■ **PROBLEM TO SOLVE**:
Look for the line with "Continue the adventure" in the entries below, then extract that line and all lines after it exactly, with pictures left out.

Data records
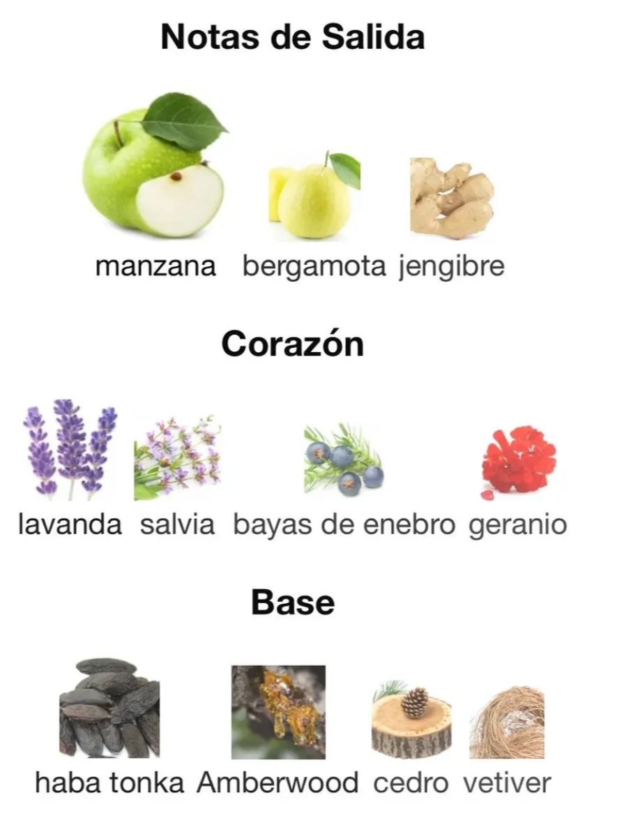 Las notas de cabeza exudan una fusión fresca y especiada de bergamota, jengibre fuerte y manzana dulce, armonizadas aún más con notas de corazón suaves de lavanda y bayas de enebro.
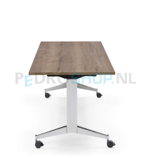 De Timmy-R klaptafel is extreem stevig en stabiel. Het mechaniek en de ontgrendelknop zijn netjes weggewerkt binnenin het H-frame voor optimale beenruimte en veiligheid. Uniek is tevens de standaard nivelleer-functie waarmee de bladen onderling gelijk gesteld kunnen worden. Timmy-R en Timmy-R smal zijn uit voorraad leverbaar in 5 kleuren en 2 lengtematen. De optionele zichtschotten zijn in 2 maten en 4 kleuren (ex. chroom) te bestellen.
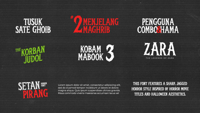 Setan Pirang Font is a font that exudes horror and suspense in its design. This chilling typeface seamlessly blends elements of fear and mystery, making it the perfect choice for projects that want to evoke a sense of gloom and foreboding. The letters are meticulously crafted with jagged edges, irregular strokes, and unsettling angles, all contributing to the overall unsettling feel.
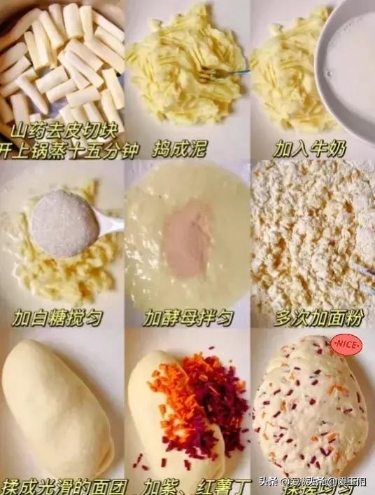 食材:山药、紫薯、红薯、牛奶、酵母。
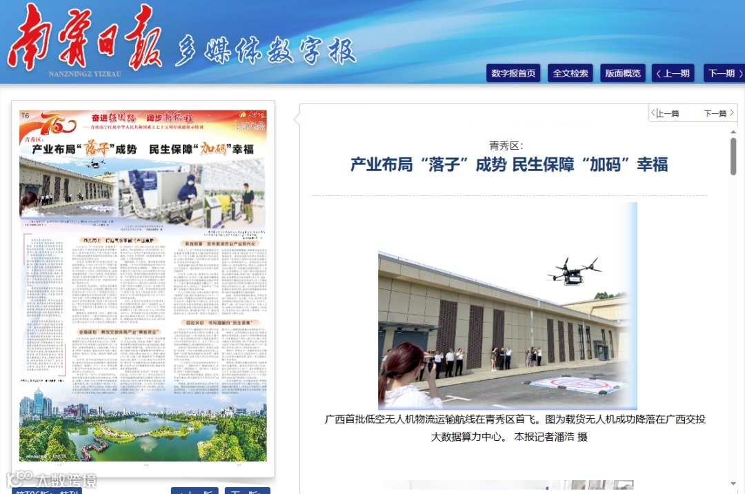 乘风而起,向光而行。青秀区率先推动无人机在物流配送、应急救援、测绘等方面的试点应用:今年6月,广西首批低空无人机物流运输航线在青秀区成功首飞;在郁江2024年第1号洪水洪峰通过南宁期间,6家企业在青秀区相关部门组织下参与防汛巡航。“能为应急防汛贡献绵薄之力,我们颇感自豪。”广西景航无人机有限公司飞行部主管刘庆泽说。
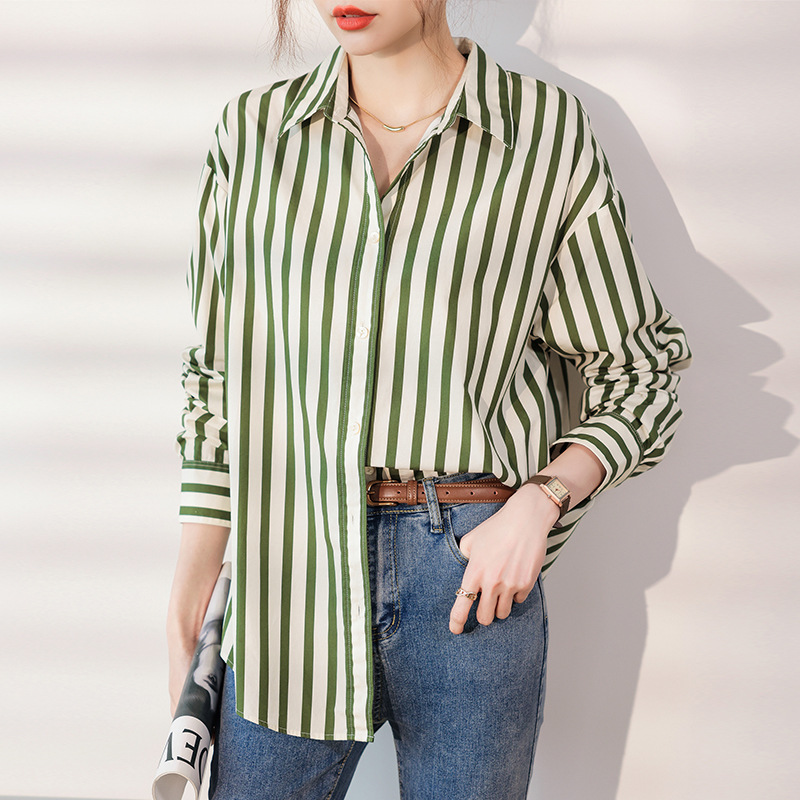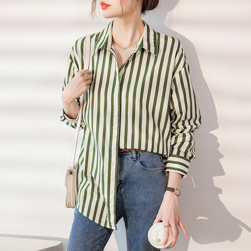 Real shot 2024 Autumn New lazy striped shirt top shirt casual simple commuter fresh Women
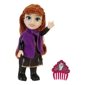 Continue the adventure with Disney’s Frozen 2 Petite Adventure Anna Doll! Perfectly petite for on-the-go fun, Anna comes dressed in her signature outfit from the film, complete with a removable skirt, cape, and boots. Kids can pose Anna to recreate favorite moments from Frozen 2, and enjoy extra hair play with the included Olaf comb to style her classic red hair. This petite doll is ideal for imaginative play and adventures anywhere!
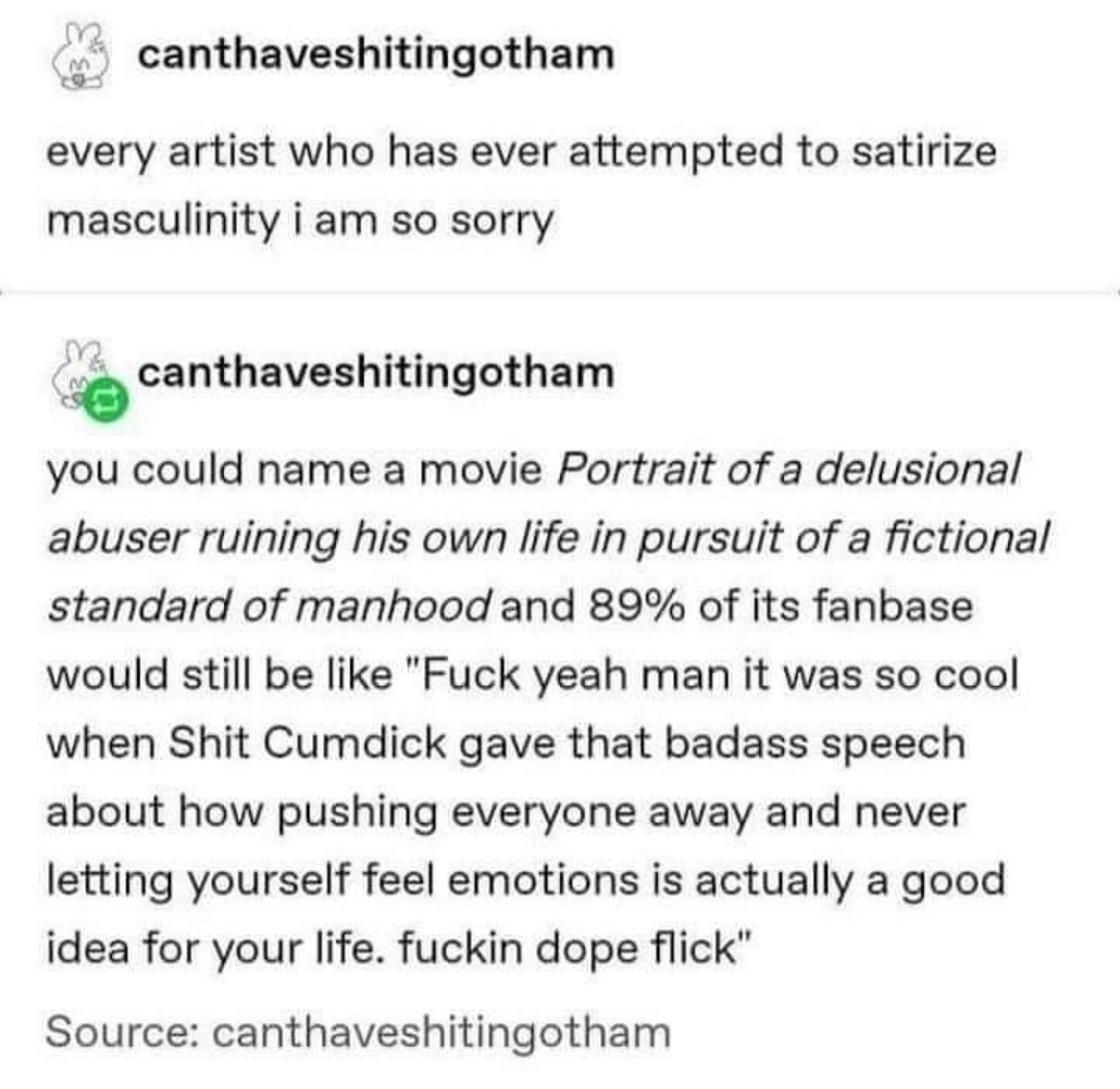 Also, please feel free to list some good examples of positive masculinity in replies below because I and others I know could benefit from seeing more of that.

■ **RESULT OF THIS TASK**:
 Continue the adventure with Disney’s Frozen 2 Petite Adventure Anna Doll! Perfectly petite for on-the-go fun, Anna comes dressed in her signature outfit from the film, complete with a removable skirt, cape, and boots. Kids can pose Anna to recreate favorite moments from Frozen 2, and enjoy extra hair play with the included Olaf comb to style her classic red hair. This petite doll is ideal for imaginative play and adventures anywhere!
 Also, please feel free to list some good examples of positive masculinity in replies below because I and others I know could benefit from seeing more of that.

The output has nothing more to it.